My Story (A Thank You Card to Patrick and the Team)

I recently received a message replying to a comment I made how I was able to break into IB as an intern and would like to provide a nice update to where I am in my career.

Original Story from April 2012:

When I started the fall semester 2011, I was coming off a BB MO role and about to start a VC internship, so I thought I would be well positioned to land interviews while also working on building an event for my business school. Started applying late August for IB FO roles, confident I would land interviews because my resume looked good to that point and I added accounting as a major. I applied to a few places and......nothing (well beside 1 or 2 firms).

IB Recruiting

I started to compile a list of firms to call after being rejected from a IB FO superday and seriously considered graduating a semester late (already late due to double major) for a Intern role in IB. I sat down with my fund partner at the VC and discussed how my IB recruiting was going. I told him about my desire to stay within the region for banking and he told me to gather a list of firms in the region to see if he knew people I could reach out to. I did and I contacted one firm at a IB (IB #1) where they told me that they recently filled the full time role, but could be open to bringing on an intern.

Rejections and graduating late

I followed up a few weeks later with the VP, which turned into a phone screen, and he said to keep in touch to see if they could bring someone on for the summer.
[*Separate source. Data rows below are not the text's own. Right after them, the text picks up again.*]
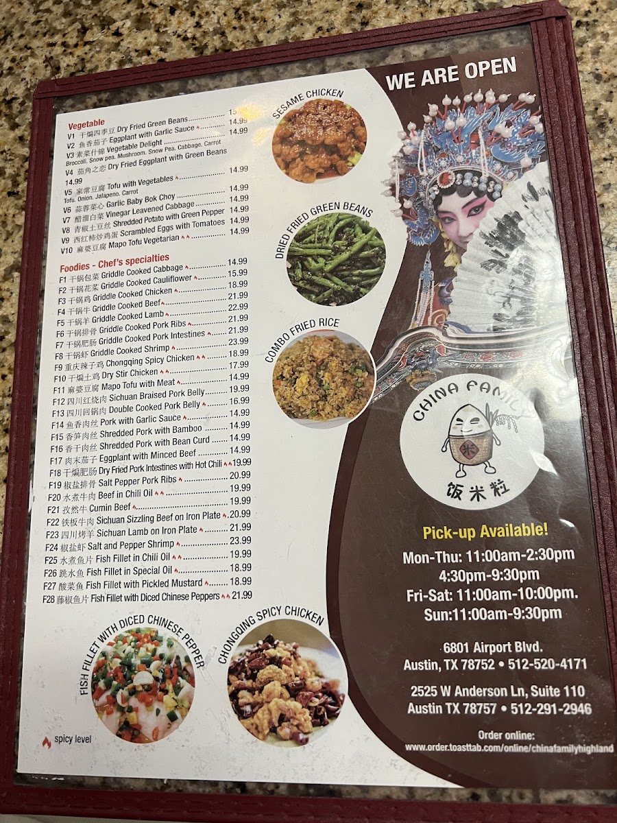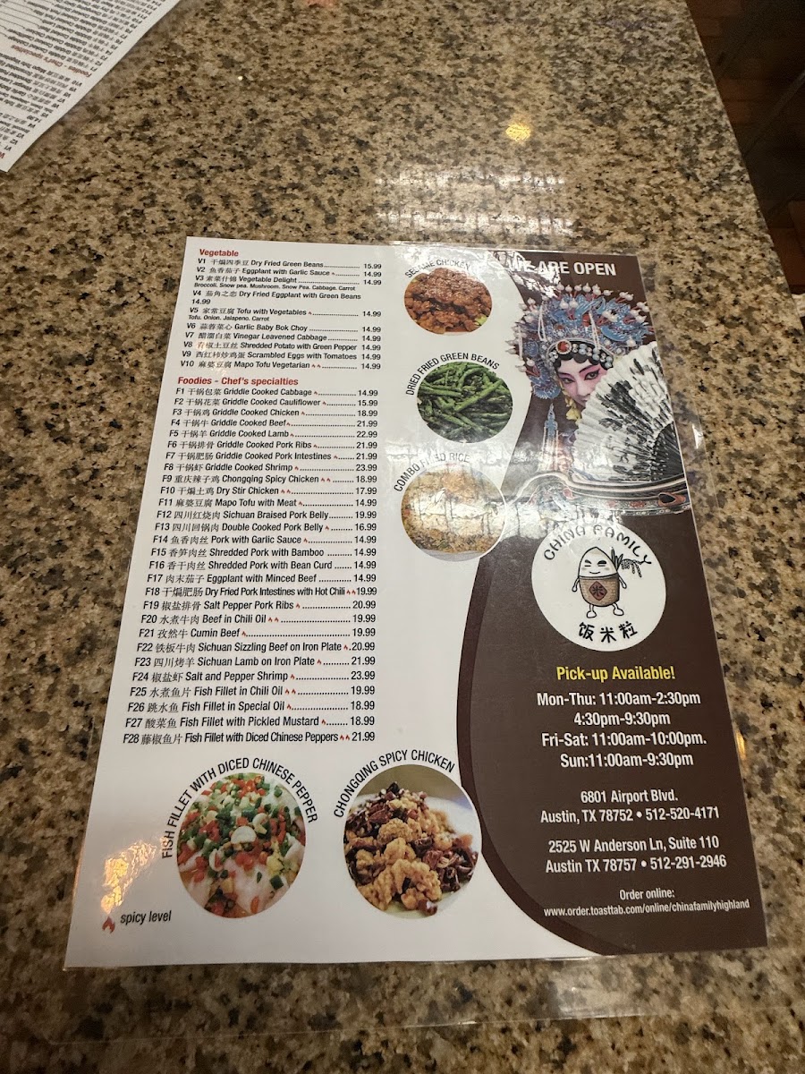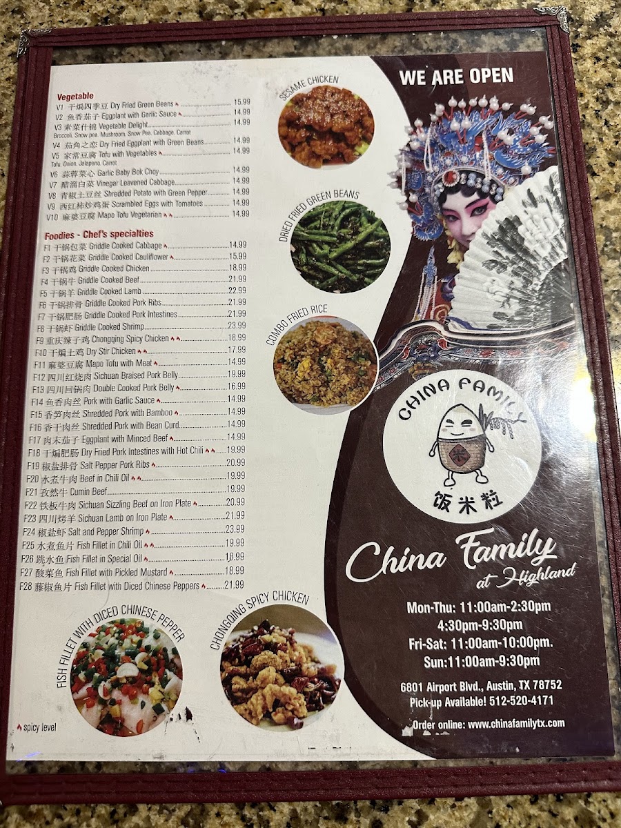 China Family Restaurant at Highland Menu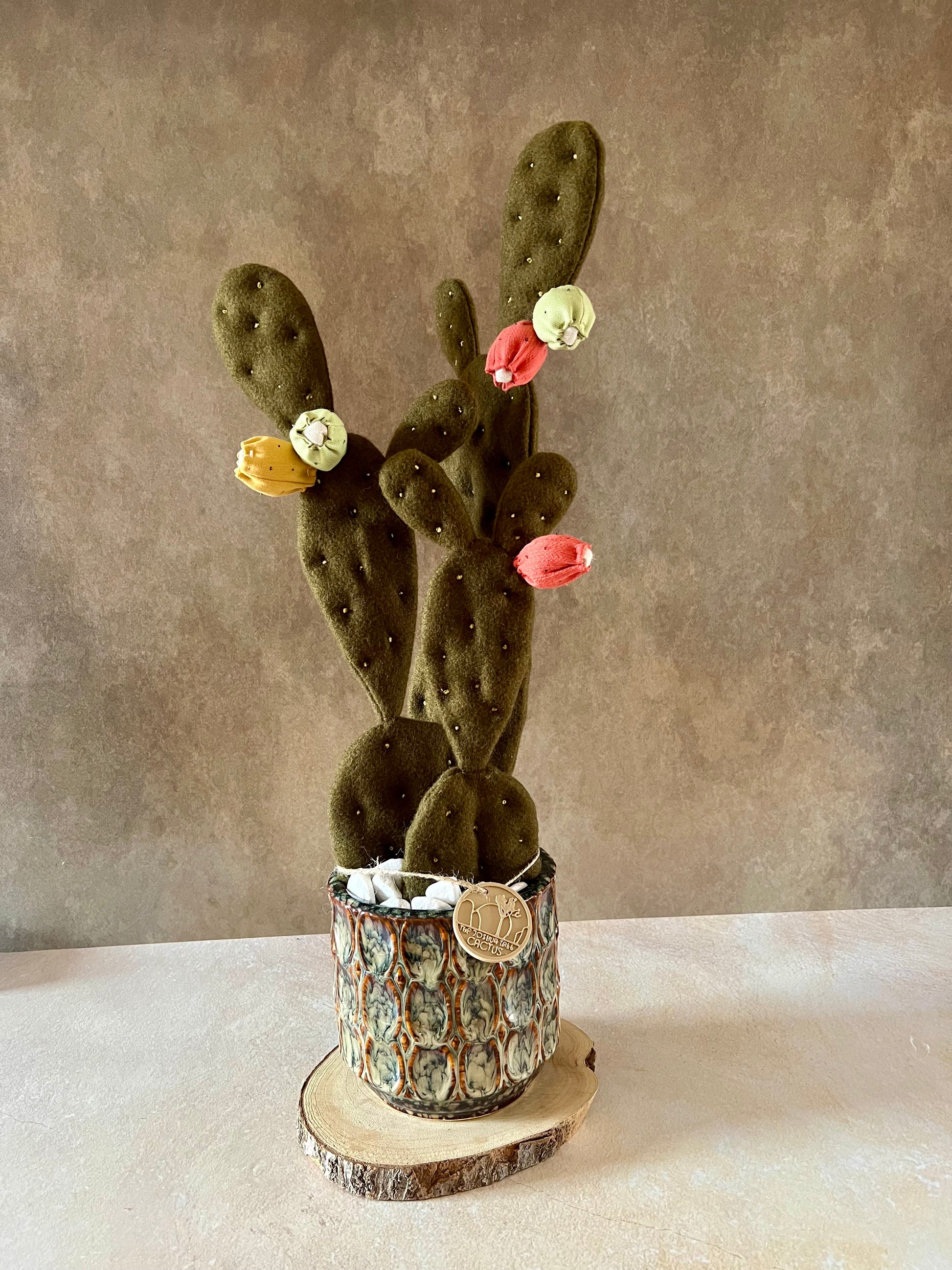 Opuntia in wool fabric complete with white ceramic vase and decorative stones.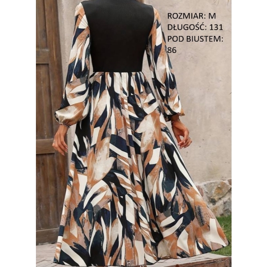 Sukienka: Długa, zwiewna sukienka w stonowanych kolorach, co nadaje jej lekkości i romantyzmu. Wszyty czarny gorset dodaje struktury i podkreśla sylwetkę.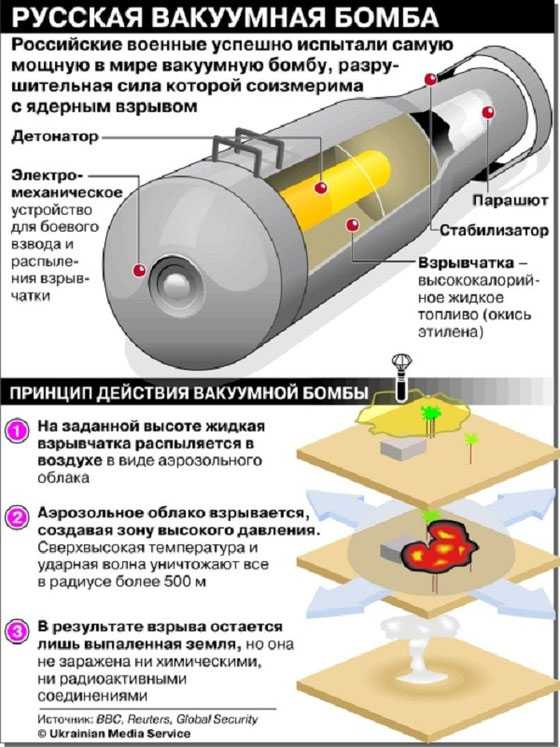 Нужно отметить, что Россия находится в числе государств, имеющих наиболее продвинутые наработки в сфере создания оружия объемного взрыва. Вакуумная бомба повышенной мощности, испытанная в 2007 году, – яркое подтверждение этому факту.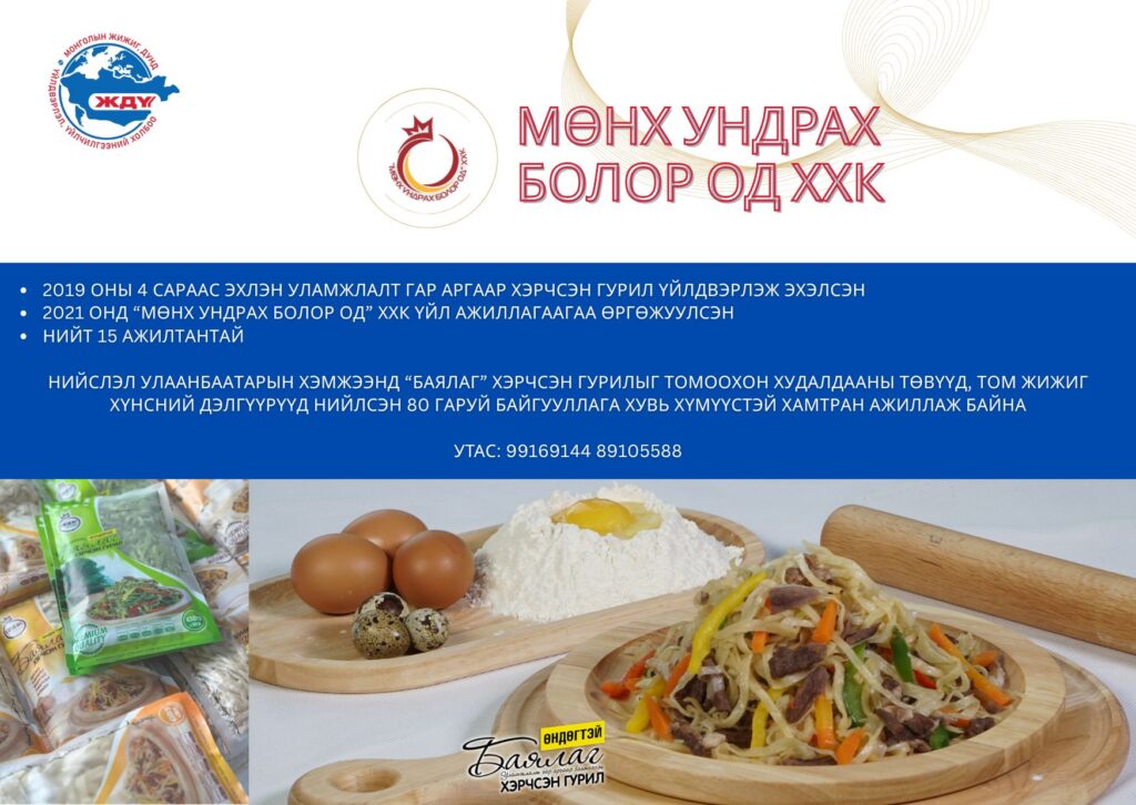 2019 оны 4 сараас эхлэн Уламжлалт гар аргаар хэрчсэн гурил үйлдвэрлэж эхэлжээ. Тус байгууллага нь Нийслэл Улаанбаатарын хэмжээнд “Баялаг” хэрчсэн гурилыг томоохон худалдааны төвүүд, том жижиг хүнсний дэлгүүрүүд нийлсэн 80 гаруй байгууллага хувь хүмүүстэй хамтран ажиллаж байна.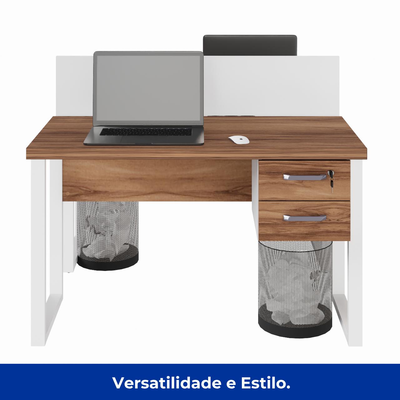 Estação de Trabalho Dupla 1,20×1,35m com Gaveteiro e Tomada – Pé Quadro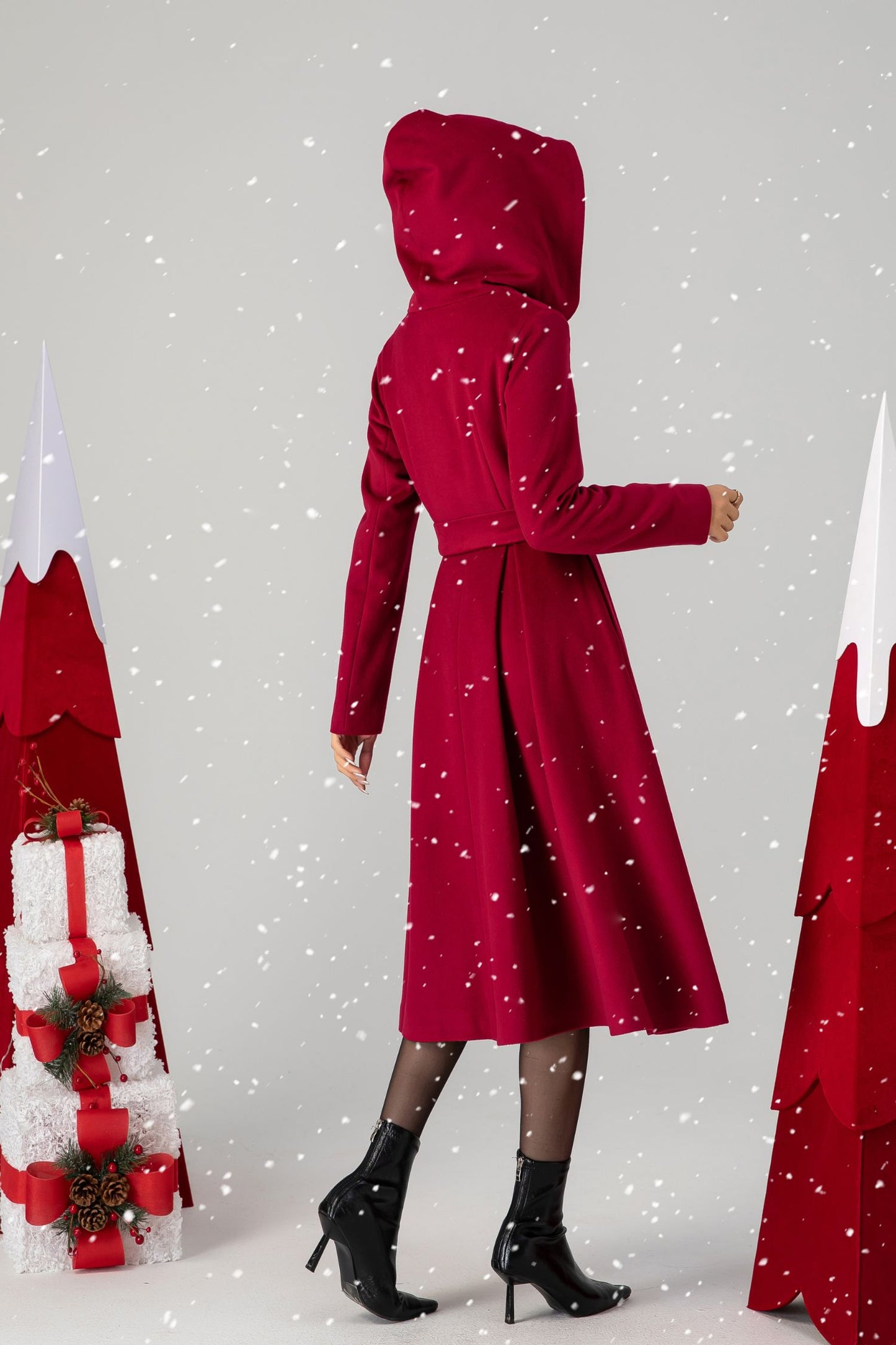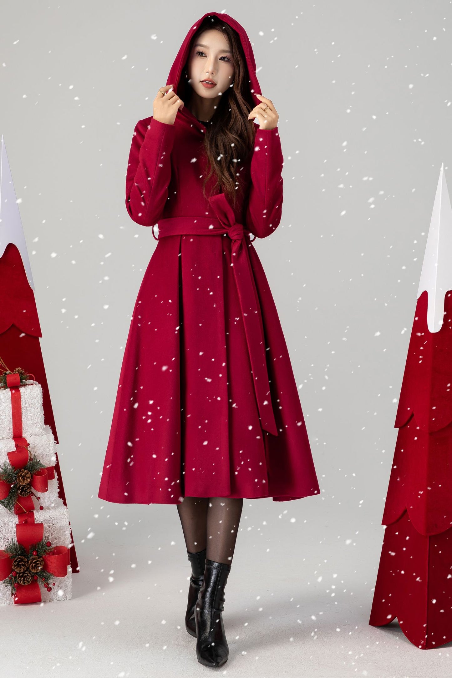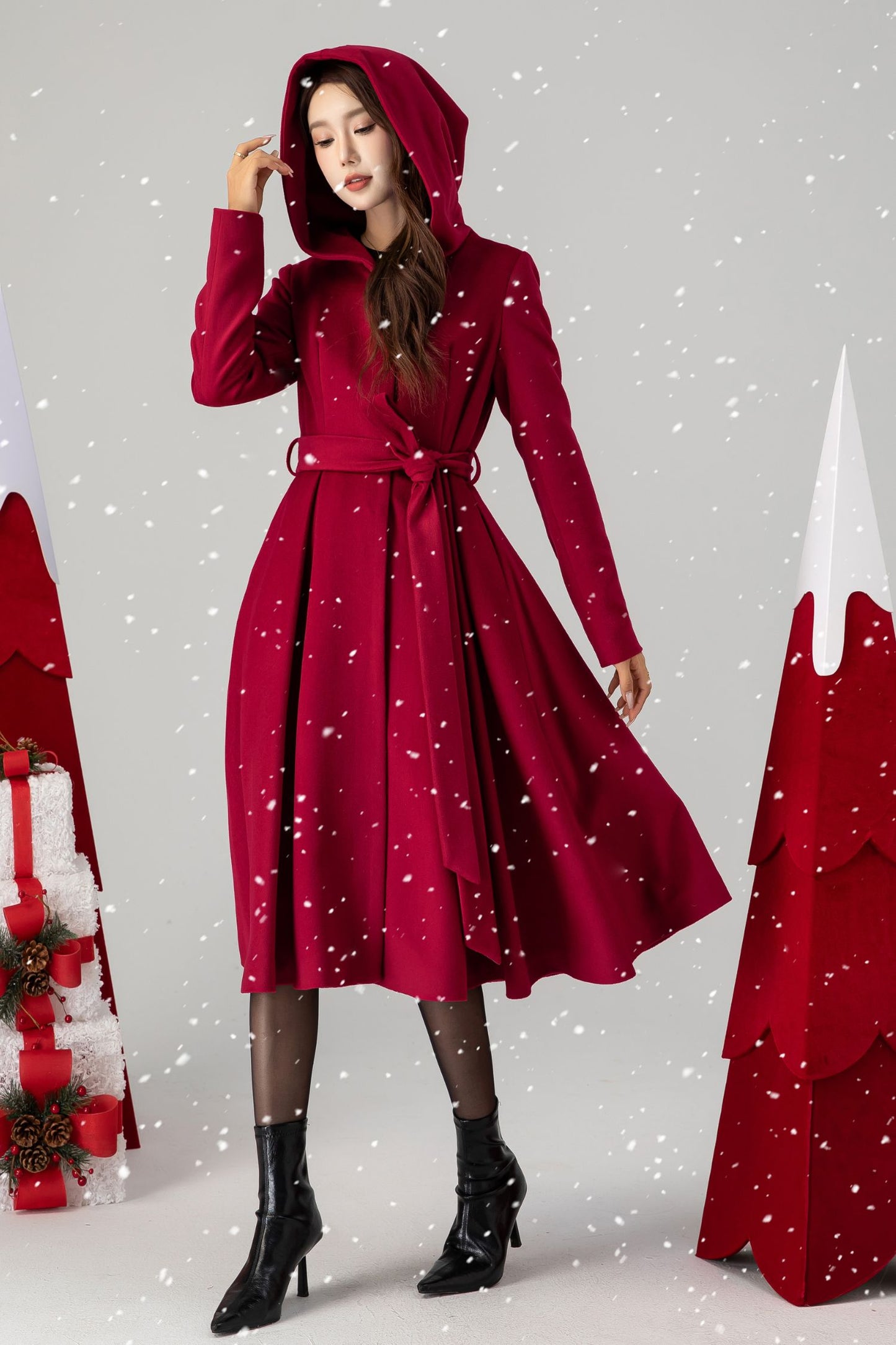 Unveiling our elegant red wool princess coat, with a flattering mid-length silhouette and a captivating hood. This coat seamlessly merges classic princess-inspired design with modern functionality, allowing you to stay warm and stylish. The rich red color is a statement in itself, and the hood adds a touch of versatility to the piece.

I continued to cold email and cold call more firms getting better as I went along, but still heard the same thing in terms of rejection. I was able to finish the semester with a 4.0, but no FO offer, which meant I was looking at an Intern role for the upcoming summer.

Next semester, I focused more on aggressively cold calling with creating an excel file for contacts at firms and so forth. Same rejections for the most part, but I was fortunate to land like 4-5 interviews. Fast forward to April 2012, no offer in hand and I was dejected after being rejected from 3 places in a 24 hour span. Reached an ultimatum with myself, either I was working in IB or I was not working this summer. Settled on graduating a semester late and realized what I was doing wrong in previous interview (especially when I was cutoff telling my story (went on too long)).

I fixed my story, followed up to cold email I sent to a IB (IB #2) with a call (more people need to do this) and landed an interview for an IB Intern role. I also kept in contact with IB #1 and I did a mini-superday interview with them after a in person interview with the VP a few months prior. I also interviewed for a small PE fund during this time to try to cover my bases and I like to work in PE in the future.

I received an IB internship offer...

I was just concerned with landing an IB offer and did not care about money, or what type of work I would be given, as I just wanted the opportunity. In third week in April (a week after I did the mini-superday with IB#1 and two weeks after I did the interview with IB #1), I got an email from PE on Sunday for a offer. Tuesday that week, I was called while working with the VC that IB #2 wanted to offer me the IB role. I was so excited that I finally was able to make something of my path. Quick mention that the PE and IB #2 offer were non-paid, but who cares cause I landed an IB offer. Followed up with IB#1 that day to inform the VP of my offer and he told me team liked me and he was drafting my offer letter and waiting for approval from Partners.

He told me to look out for something in my email in next few days. I checked my email frantically next day and saw nothing, so I began focusing on studying for a test and interview I had the next day for a valuation role, when at 10 in the night a I receive an email from IB#1 with a offer including a good pay package and mentioning the exposure I would get to IB and PE (since the firm does both). I am jumping up and down with excitement and quickly respond with the next day with a yes, then went to do an interview I had that afternoon (which turned out to be fun since I had no pressure going into it).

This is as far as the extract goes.